Выгнали старенький бортовой ГАЗ-51, а я в него не смог забраться. Кое-как меня загрузили и не спеша повезли в аэроклуб. Я стоял в кузове, опершись руками о кабину. На прыжки мы ехали по этой же дороге, она была такая ровная! Сейчас же это была какая-то дикая стиральная доска.

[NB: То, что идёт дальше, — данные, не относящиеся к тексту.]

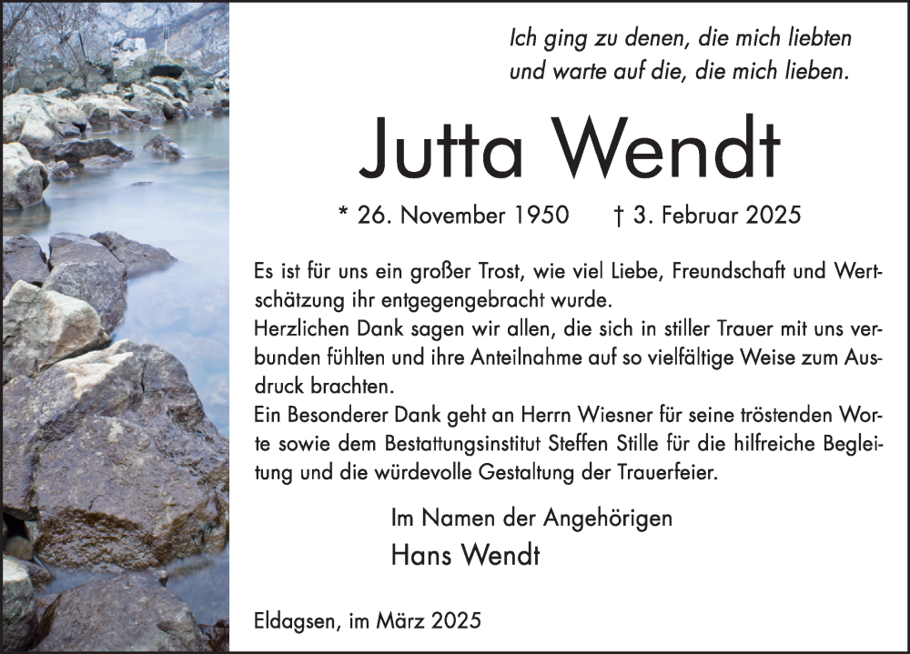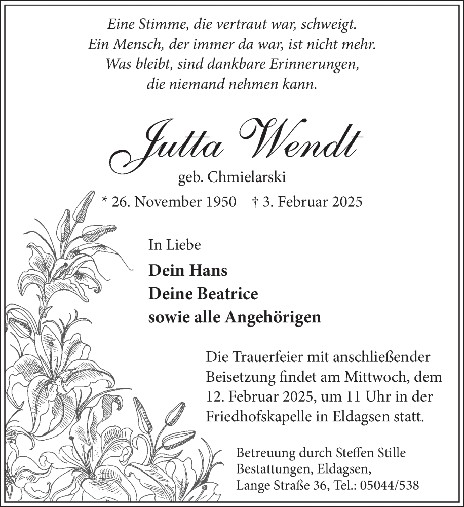 Hier finden Sie alle Traueranzeigen aus der Zeitung, die bisher für Jutta Wendt erschienen sind. Weitere Traueranzeigen, die in der Zeitung erscheinen, werden hier ebenfalls aufgelistet

Дальше все было бы смешно, если бы не было так больно. Позвонили в "Скорую помощь", сказав сгоряча, что парашютист разбился. А я уже не могу ни лежать, ни стоять, ни сидеть. Боль начала меня одолевать все больше и больше. В ушах звон, голова кружится. Когда приехала реанимационная машина, я уже плохо соображал, что происходит, стоял, облокотившись о забор. Врач "скорой" первым делом поинтересовался, где разбившийся парашютист, и когда показали на меня, стоящего у забора, то посыпалась отборная брань. Врача по-хорошему понять можно. "Скорая" по городу-то расторопностью не отличалась, а здесь на поселок, за 16 км от города, за 15 мин. прилетела не какая-нибудь там древняя карета, а достаточно редкостная тогда реанимационная машина. И для чего? Чтобы узрить хоть и нетвердо стоящего на ногах, но стоящего, черт возьми, детину. Какая уж тут реанимация! Наверное, по этой причине, слегка подзабыв клятву Гиппократа, меня предельно грубо, как чурбан, уложили на носилки, в машину и завезли в больницу Октябрьского поселка Новочеркасска. Оказался не только перелом копчика в трех местах, но еще и разрыв сухожилий на левой руке.
Привели меня в палату, и только тут я почувствовал, что уже более суток не спал. Постель с толстым матрацем показалась единственным избавлением от всех бед. Я уже мысленно погрузил свое тело в мягкую постель, как увидел, что матрац уносят, а на его место устанавливают деревянный щит, покрытый тонким войлоком. Я взвыл, но мне четко и коротко объяснили: "Перелом! И не вздумай вставать, а то будет плохо!" Пришлось подчиниться, и я, поворочавшись, провалился в какую-то дрему. Очнулся утром и поймал себя на мысли, что пошли вторые сутки, как я исчез из дома, там наверняка не знают, что и думать. Поднявшись кое-как со своего настила и попросив пижаму, поковылял в коридор в поисках телефона. Зрелище было не из веселых. Меня отловили и, забрав пижаму, уложили на щит, строго предупредив соседей по палате:
- Кто даст ему пижаму, будет безвылазно сидеть с ним в палате.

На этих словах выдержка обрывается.